What Vendors need to know about vulnerability reporting

From: Russ (Russ.Cooper@RC.ON.CA)
Date: 01/04/02


Date:         Fri, 4 Jan 2002 08:59:54 -0500
From: Russ <Russ.Cooper@RC.ON.CA>
To: NTBUGTRAQ@LISTSERV.NTBUGTRAQ.COM

If you are a Vendor of a computer product related to MS operating systems
which may have a vulnerability, come under attack, or in some way be
exploited...and you'd like to ensure that you find out about such a
vulnerability prior to the public-at-large...pay attention.

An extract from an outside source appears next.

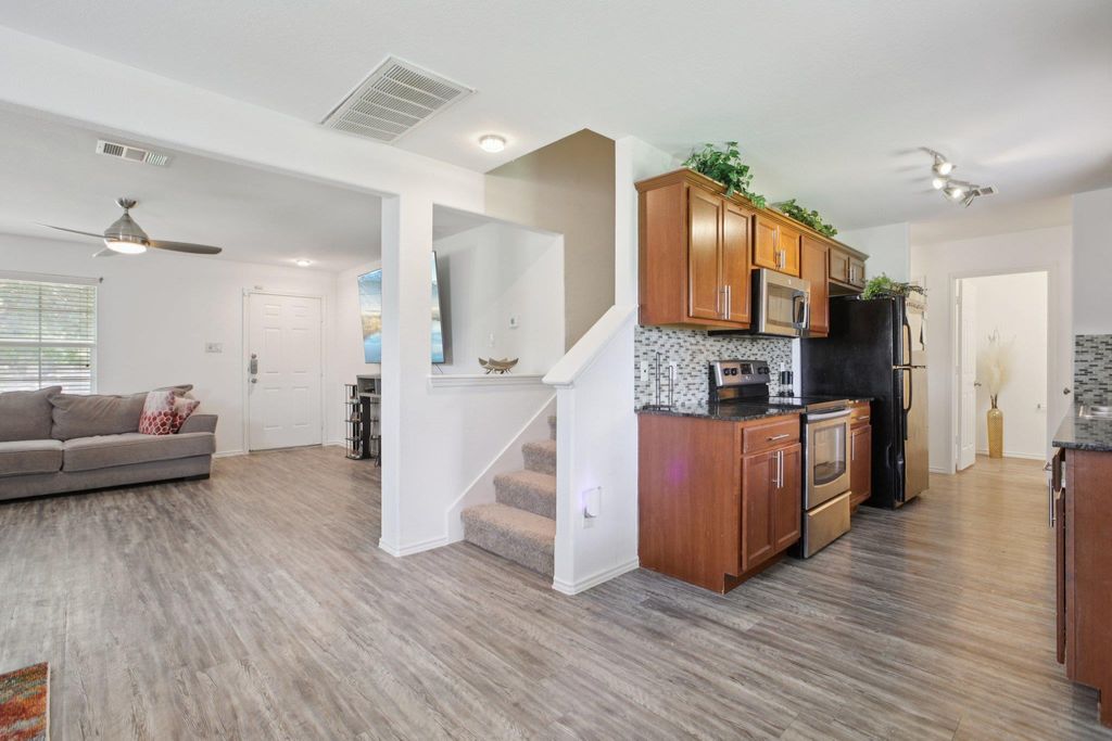 This location also offers quick access to major employers and attractions"”just 19 minutes to the Tesla Gigafactory, 18 minutes to Samsung, and 26 minutes to downtown Austin. Tucked at the end of a cul-de-sac in the established Carriage Hills community, this well-maintained two-story home offers a functional layout with 3 bedrooms, 2.5 baths, and multiple living areas. Built in 2009, the home features a bright open floor plan, vinyl plank flooring on the main level, and a thoughtfully designed kitchen with granite countertops, stainless steel appliances, and plenty of cabinet space. The downstairs living and dining areas provide a natural flow for everyday living or hosting. A convenient half bath is also located on the main level. Upstairs, a versatile bonus space can serve as a second living room, play area, or home office"”flexibility that fits a variety of lifestyles. All three bedrooms are upstairs, including a spacious primary suite with a private bath and walk-in closet. Enjoy the covered front porch, large backyard, and shaded area under the tree"”perfect for relaxing or creating your own outdoor retreat. A two-car garage and wide driveway offer plenty of room for parking and storage. Located near neighborhood parks, basketball courts, and playgrounds with easy access to shopping and schools, this home combines comfort and convenience in a community setting. Carriage Hills residents enjoy access to neighborhood parks, playgrounds, and a basketball court.

From the perspective of NTBugtraq, discoverers of vulnerabilities are
perfectly justified publishing such things if you have not made it
abundantly clear how they, or I, can contact you. Contacts for security
vulnerabilities should not be your normal support channels, nor should they
be handled through your reception, sales, or other general numbers or email
addresses. Discoverers, and I, want to speak to someone who will be able to
appreciate the gravity of a vulnerability which might affect all of your
users, or as in the case of the AIM vulnerability, potentially 100 million
consumers world-wide.

To this end, one of the following should be done by all Vendors;

1. On your Home Page, "About Us" page, or "Contact Us" page, provide a clear
link to a security reporting contact. This must be either an email address,
or telephone number. 1-800 numbers are good, but remember that many of them
cannot be called from outside of the U.S. and not all discoverers are in the
U.S.

Web forms are not acceptable. Vulnerability information does not always fit
neatly into a form, and forms don't provide any sense that they are being
received or read.

Automatic responses are fine, but make sure they provide a unique tracking
number for follow-up, and a definitive amount of time (no more than 2
business days) before an actual human created response will arrive (e.g.
"Thanks for your report, we've assigned it number 123-ABC, and we will be
contacting you directly with 2 business days to provide you with our initial
response.")

Nobody says you have to fix the problem in that period of time, but if
someone from your company hasn't read the message and provided some sort of
response to the discoverer within those 2 business days, discoverers are
perfectly justified in going public with their information.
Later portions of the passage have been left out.